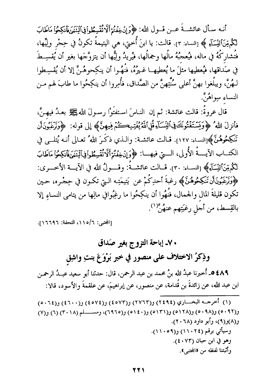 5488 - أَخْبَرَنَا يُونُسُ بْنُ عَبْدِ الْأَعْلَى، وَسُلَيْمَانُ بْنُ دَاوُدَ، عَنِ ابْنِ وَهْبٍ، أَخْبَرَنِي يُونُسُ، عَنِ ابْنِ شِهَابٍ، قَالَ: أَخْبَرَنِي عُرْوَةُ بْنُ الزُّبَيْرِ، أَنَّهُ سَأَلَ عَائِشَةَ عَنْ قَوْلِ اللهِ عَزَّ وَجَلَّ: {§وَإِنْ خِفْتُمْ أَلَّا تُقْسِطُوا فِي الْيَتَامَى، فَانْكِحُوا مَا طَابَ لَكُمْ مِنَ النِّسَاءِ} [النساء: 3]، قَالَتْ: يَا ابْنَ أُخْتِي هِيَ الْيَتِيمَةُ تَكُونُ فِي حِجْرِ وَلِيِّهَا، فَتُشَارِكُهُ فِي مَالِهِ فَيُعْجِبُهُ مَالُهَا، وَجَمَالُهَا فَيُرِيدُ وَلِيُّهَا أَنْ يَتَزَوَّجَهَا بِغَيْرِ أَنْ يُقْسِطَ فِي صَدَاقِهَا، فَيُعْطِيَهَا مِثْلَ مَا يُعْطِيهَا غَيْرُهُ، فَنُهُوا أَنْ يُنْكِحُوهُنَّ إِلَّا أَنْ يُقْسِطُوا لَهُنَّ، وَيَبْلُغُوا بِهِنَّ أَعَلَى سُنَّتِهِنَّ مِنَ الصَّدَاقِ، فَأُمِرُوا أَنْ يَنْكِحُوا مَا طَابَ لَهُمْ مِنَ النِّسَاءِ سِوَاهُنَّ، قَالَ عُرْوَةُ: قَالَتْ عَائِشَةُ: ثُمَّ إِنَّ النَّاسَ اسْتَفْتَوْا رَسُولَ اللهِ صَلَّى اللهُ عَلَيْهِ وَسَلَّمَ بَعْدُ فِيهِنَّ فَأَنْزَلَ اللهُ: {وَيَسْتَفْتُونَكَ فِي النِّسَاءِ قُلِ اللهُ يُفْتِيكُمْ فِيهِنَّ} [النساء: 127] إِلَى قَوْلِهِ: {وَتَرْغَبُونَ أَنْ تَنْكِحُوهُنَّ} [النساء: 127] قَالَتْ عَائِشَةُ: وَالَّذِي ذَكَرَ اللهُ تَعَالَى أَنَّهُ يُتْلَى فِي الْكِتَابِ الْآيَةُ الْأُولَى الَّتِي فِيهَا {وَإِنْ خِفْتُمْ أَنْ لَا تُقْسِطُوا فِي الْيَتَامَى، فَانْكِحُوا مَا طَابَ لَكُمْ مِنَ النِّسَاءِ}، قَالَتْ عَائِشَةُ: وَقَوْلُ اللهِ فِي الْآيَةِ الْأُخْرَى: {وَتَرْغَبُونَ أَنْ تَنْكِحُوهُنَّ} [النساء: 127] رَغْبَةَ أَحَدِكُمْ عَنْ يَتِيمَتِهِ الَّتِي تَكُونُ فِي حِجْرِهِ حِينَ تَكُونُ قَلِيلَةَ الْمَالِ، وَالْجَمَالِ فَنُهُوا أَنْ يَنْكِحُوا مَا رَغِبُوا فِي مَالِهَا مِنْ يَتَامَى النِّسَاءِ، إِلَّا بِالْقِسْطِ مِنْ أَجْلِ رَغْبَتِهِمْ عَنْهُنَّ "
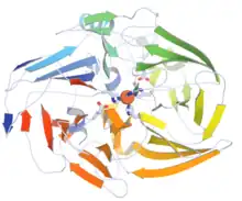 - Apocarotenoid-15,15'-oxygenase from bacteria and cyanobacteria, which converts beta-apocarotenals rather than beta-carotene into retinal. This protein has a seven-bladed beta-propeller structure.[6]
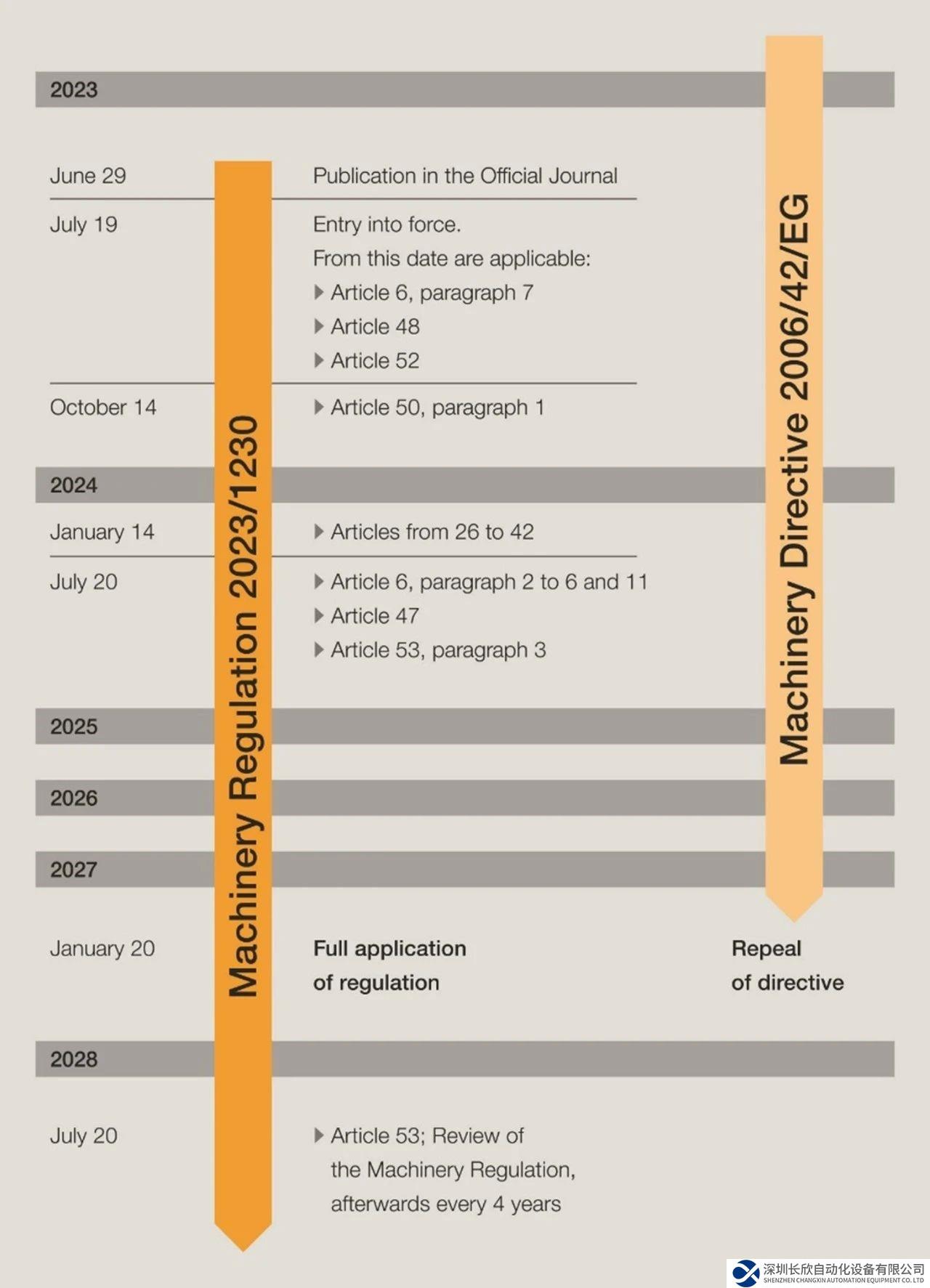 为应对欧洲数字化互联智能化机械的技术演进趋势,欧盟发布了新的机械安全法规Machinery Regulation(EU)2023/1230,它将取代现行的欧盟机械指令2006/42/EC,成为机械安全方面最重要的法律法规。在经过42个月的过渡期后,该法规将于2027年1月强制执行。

### [Problem description]
From the first line of the material to the last, retype everything exactly except the images.

### [Output]
 5488 - أَخْبَرَنَا يُونُسُ بْنُ عَبْدِ الْأَعْلَى، وَسُلَيْمَانُ بْنُ دَاوُدَ، عَنِ ابْنِ وَهْبٍ، أَخْبَرَنِي يُونُسُ، عَنِ ابْنِ شِهَابٍ، قَالَ: أَخْبَرَنِي عُرْوَةُ بْنُ الزُّبَيْرِ، أَنَّهُ سَأَلَ عَائِشَةَ عَنْ قَوْلِ اللهِ عَزَّ وَجَلَّ: {§وَإِنْ خِفْتُمْ أَلَّا تُقْسِطُوا فِي الْيَتَامَى، فَانْكِحُوا مَا طَابَ لَكُمْ مِنَ النِّسَاءِ} [النساء: 3]، قَالَتْ: يَا ابْنَ أُخْتِي هِيَ الْيَتِيمَةُ تَكُونُ فِي حِجْرِ وَلِيِّهَا، فَتُشَارِكُهُ فِي مَالِهِ فَيُعْجِبُهُ مَالُهَا، وَجَمَالُهَا فَيُرِيدُ وَلِيُّهَا أَنْ يَتَزَوَّجَهَا بِغَيْرِ أَنْ يُقْسِطَ فِي صَدَاقِهَا، فَيُعْطِيَهَا مِثْلَ مَا يُعْطِيهَا غَيْرُهُ، فَنُهُوا أَنْ يُنْكِحُوهُنَّ إِلَّا أَنْ يُقْسِطُوا لَهُنَّ، وَيَبْلُغُوا بِهِنَّ أَعَلَى سُنَّتِهِنَّ مِنَ الصَّدَاقِ، فَأُمِرُوا أَنْ يَنْكِحُوا مَا طَابَ لَهُمْ مِنَ النِّسَاءِ سِوَاهُنَّ، قَالَ عُرْوَةُ: قَالَتْ عَائِشَةُ: ثُمَّ إِنَّ النَّاسَ اسْتَفْتَوْا رَسُولَ اللهِ صَلَّى اللهُ عَلَيْهِ وَسَلَّمَ بَعْدُ فِيهِنَّ فَأَنْزَلَ اللهُ: {وَيَسْتَفْتُونَكَ فِي النِّسَاءِ قُلِ اللهُ يُفْتِيكُمْ فِيهِنَّ} [النساء: 127] إِلَى قَوْلِهِ: {وَتَرْغَبُونَ أَنْ تَنْكِحُوهُنَّ} [النساء: 127] قَالَتْ عَائِشَةُ: وَالَّذِي ذَكَرَ اللهُ تَعَالَى أَنَّهُ يُتْلَى فِي الْكِتَابِ الْآيَةُ الْأُولَى الَّتِي فِيهَا {وَإِنْ خِفْتُمْ أَنْ لَا تُقْسِطُوا فِي الْيَتَامَى، فَانْكِحُوا مَا طَابَ لَكُمْ مِنَ النِّسَاءِ}، قَالَتْ عَائِشَةُ: وَقَوْلُ اللهِ فِي الْآيَةِ الْأُخْرَى: {وَتَرْغَبُونَ أَنْ تَنْكِحُوهُنَّ} [النساء: 127] رَغْبَةَ أَحَدِكُمْ عَنْ يَتِيمَتِهِ الَّتِي تَكُونُ فِي حِجْرِهِ حِينَ تَكُونُ قَلِيلَةَ الْمَالِ، وَالْجَمَالِ فَنُهُوا أَنْ يَنْكِحُوا مَا رَغِبُوا فِي مَالِهَا مِنْ يَتَامَى النِّسَاءِ، إِلَّا بِالْقِسْطِ مِنْ أَجْلِ رَغْبَتِهِمْ عَنْهُنَّ "
 - Apocarotenoid-15,15'-oxygenase from bacteria and cyanobacteria, which converts beta-apocarotenals rather than beta-carotene into retinal. This protein has a seven-bladed beta-propeller structure.[6]
 为应对欧洲数字化互联智能化机械的技术演进趋势,欧盟发布了新的机械安全法规Machinery Regulation(EU)2023/1230,它将取代现行的欧盟机械指令2006/42/EC,成为机械安全方面最重要的法律法规。在经过42个月的过渡期后,该法规将于2027年1月强制执行。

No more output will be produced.